Problem with running the sample (r2dl) using TOUGH3/TMVOC

Hi, everyone,

 

I had been using TOUGH2 family code. Recently, I began to use TOUGH3, particularly using TMVOC module for my research.  I firstly tested the Problem No. 7 (*r2dl*) - NAPL Spill in the Unsaturated Zone using TOUGH3/TMVOC. The problem is run in four segments, (1) generation of steady flow prior to introduction of NAPL, (2) NAPL spill in the unsaturated zone, (3) redistribution of NAPL, and (4) extraction simultaneously in the saturated and unsaturated zones.

The input files corresponding to the above four segemnts are provided in the distributed packages (sample directory). It is surprised to find the running errors:

(1)  There are running errors for step 2 and 4, however, the results for step 1 and step3 are correct comparing those using TOUGH2/TMVOC. It is noted that for step3, I used the outputs file for step 2 from TOUGH2/TMVOC as the initial condiction for step3 using TOUGH3/TMVOC.

(2) Attached please find the main inputfile for step2. The error is:

 +++++++++ CONVERGENCE FAILURE ON TIME STEP #  59 WITH DT = 0.200000E+02 SECONDS, FOLLOWING TWO STEPS THAT CONVERGED ON ITER = 1
           STOP EXECUTION AFTER NEXT TIME STEP
 +++++++++ REDUCE TIME STEP AT (   59, 9) ++++++++ ++++++++   NEW DELT =0.500000E+01
 A6111(   59, 1) ST = 0.280040E+07 DT = 0.500000E+01

However, the similar inputfiles are run correctly using TOUGH2/TMVOC.

Note that :

(1) I firstly tested the sample in Windows using the distributed executable file. When I got the above errors, I tested the sample case in Linux platform using the compiling TOUGH3-TMVOC.  I got the same errors in windows and linux.

(2) I also noted the differences between AZTEC and PETSc solvers. To avoid the error possibly from PETSc solver, I tested the sample using serial solvers (serial executable TOUGH3).

Any suggestions to fix this, please?  Thanks very much. 

11 replies

null
    • Yue_Luo
    • 3 yrs ago
    • Reported - view

    the input file for step2

    • yqzhang
    • 3 yrs ago
    • Reported - view

    Hello Yue Luo,

    There are two things:

    1. Please use the SAVE file as the initial condition for r2dl2 since that provides the steady state condition.

    2. Please set MOMOP(1)=2. The total time step you had (999) does not seem to be enough (I used your 999 and it was at half a year when it reached 999). Make it bigger and test it out, let me know.

    MOMOP----1----*----2----*----3----*----4----*----5----*----6----*----7----*----8
    2

     

    Thanks

    Yingqi

    • Yue_Luo
    • 3 yrs ago
    • Reported - view

    Hi, Yingqi,

     

    Thanks a lot. The problem is solved when the MOMOP(1) =2 is added to the inputfile. I have tested step2 and step 4 in Windows and Linux platform according to your kind suggestion.

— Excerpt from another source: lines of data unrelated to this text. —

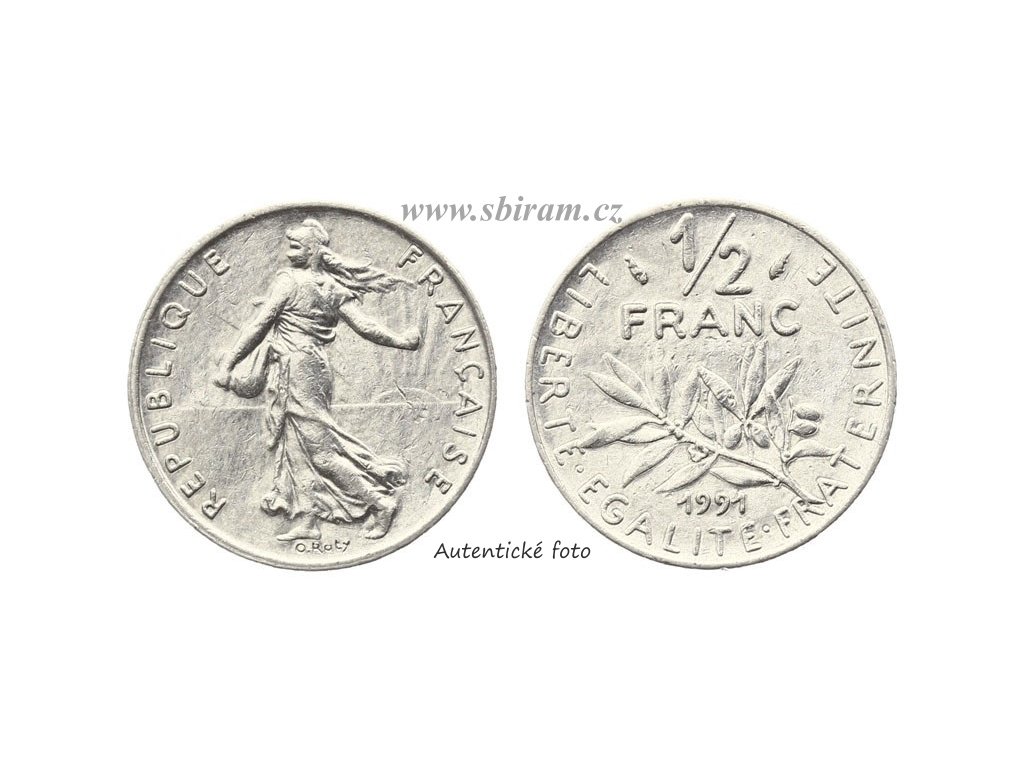 Francie, mince 1/2 Frank, 1991, stav 1/1...viz autentické foto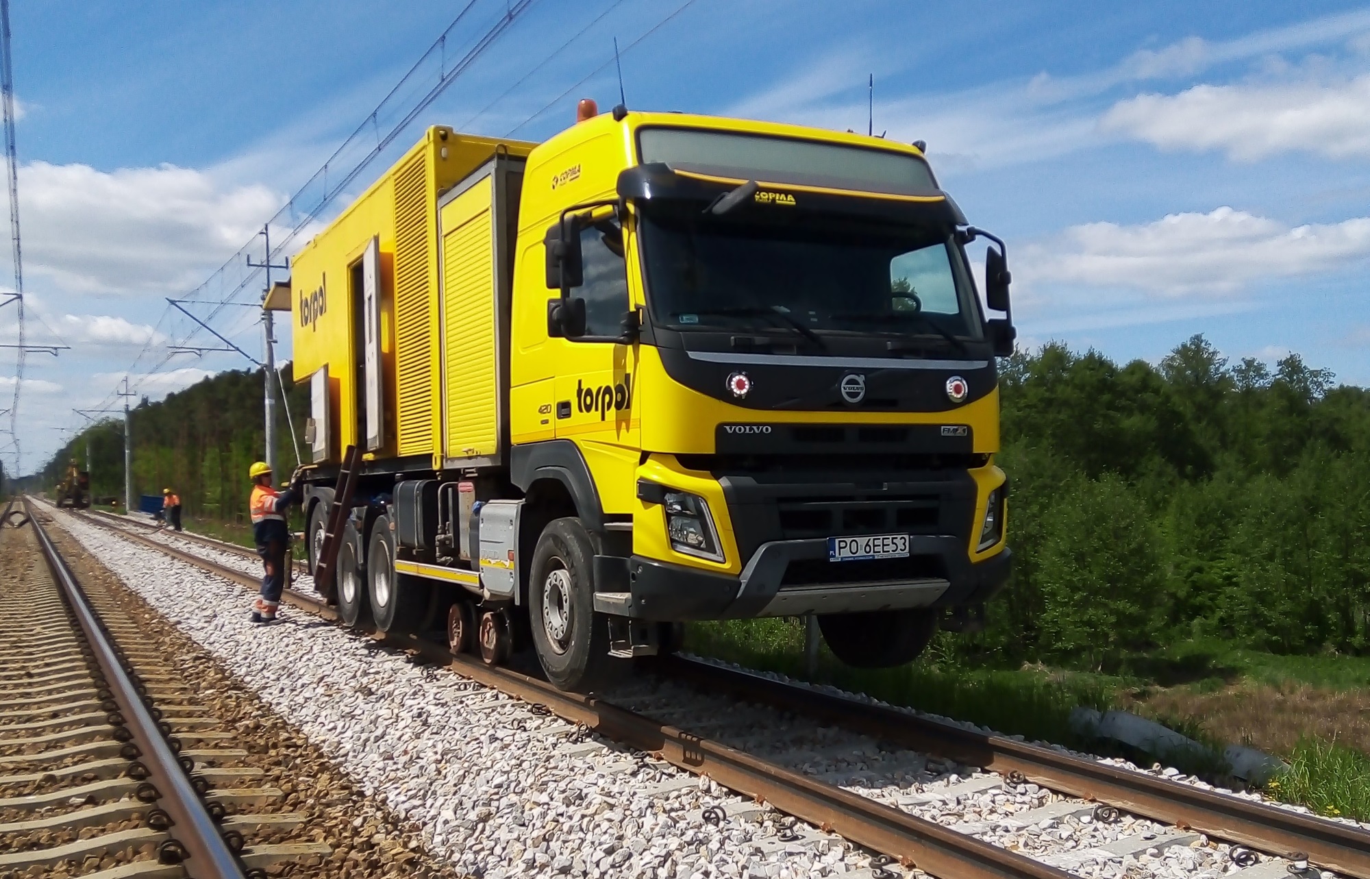 PLK-2025-07-21-Z-Tomaszowa-Mazowieckiego-do-Radomia-z-predkoscia-120-km-h-polmetek-rewitalizacji-Maszyna-dwudrogowa-na-torach-na-odcinku-Radzice-Wolanow-fot.jpg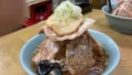 こちらは、焼き旨丼です。どんぶりご飯の上にたくさんの焼肉、温泉玉子、海苔がかかっています。濃いめの味付けなので、ご飯がどんどん進みます。

    (1) I noticed that this MOMOP data block is new comparing with the previous TOUGH2/TMVOC, which provides additional options. When we added MOMOP (1) =2, it means the program would perform at least two iterations; primary variables are always updated (accroding to the TOUGH3 guide). Would you like to explain more about this option? Why we need to add this constrains for step2 and step4? however, this constrain is not needed for step3. 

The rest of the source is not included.